If very resistant to eating veggies you can withdraw insects altogether for several weeks so they end up eating the veggies out of hunger, but you need to be careful that the lizard is a good weight to start with and monitor its weight, you also have to be able to be strict enough that you dont give in and feed insects.


As well as this, locusts are not the best insect to feed as regular live feed, look at dubia roaches or crickets.
Locusts, morio worms, mealworms and regular "additional" type insects, so feed alongside the regularl live feed every other live feed or similar.

Waxworms are treat type feeds maybe once a month or two months.
A beardie that is raised badly will show issues like you are experiencing, poor diet, picky about what it will eat and stubborn to change.


----------



## Salazare Slytherin (Oct 21, 2009)

rex15 said:


> What about dandelion leaves is it best to grow them of pick them and wash or is there somewhere I can buy them?


You can collect them from the wild for free, just avoid road sides, and other peoples gardens.  

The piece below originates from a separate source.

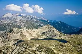 Malokamenishki Lakes (Bulgarian: Малокаменишки езера), also known as Belemetski Lakes (Белеметски езера),[1][2] are a group of 34 glacial lakes situated southwest of the main ridge of Pirin mountain range in Bulgaria. They are the source area of the river Mozgovitsa, one of the tributaries of the Sandanska Bistritsa of the Struma river basin.[2] The lake group is located in the Belemeto cirque, flanked by the main mountain ridge and the secondary ridges of Kamenitsa and Mozgovitsa, crowned by the summits of Kamenitsa Peak (2,822 m), Kralev Dvor (2,680 m), Momin Dvor (2,723 m) and Valyavishki Chukar (2,664 m).[1]
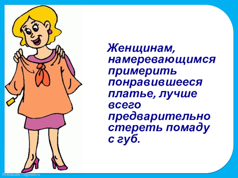 Женщинам, намеревающимся примерить понравившееся платье, лучше всего предварительно стереть помаду

Feilds, Forests, parks, and even surrounding farm land you should be okay feeding, just give them a good rinse but honestly, even if there is bugs on them, highly improbable to hurt your dragon  

It is the same for the rest of listed foraged foods, if you are unsure of the identification of some, check out the tortoise care guides wild edible plant charts. If they can eat it, your dragon definitely can


----------



## Creed (Apr 2, 2014)

I tend to use this website: Plant Food for Tortoises - The Tortoise table I would recommend getting either a book about plant determination or using an app. There are dozens of species that you're able to feed, you only need to recognize them.

Books tend to work better than most apps (at least the ones I'm familiar with), but you should be able to determinate most plants without much problems either way.


----------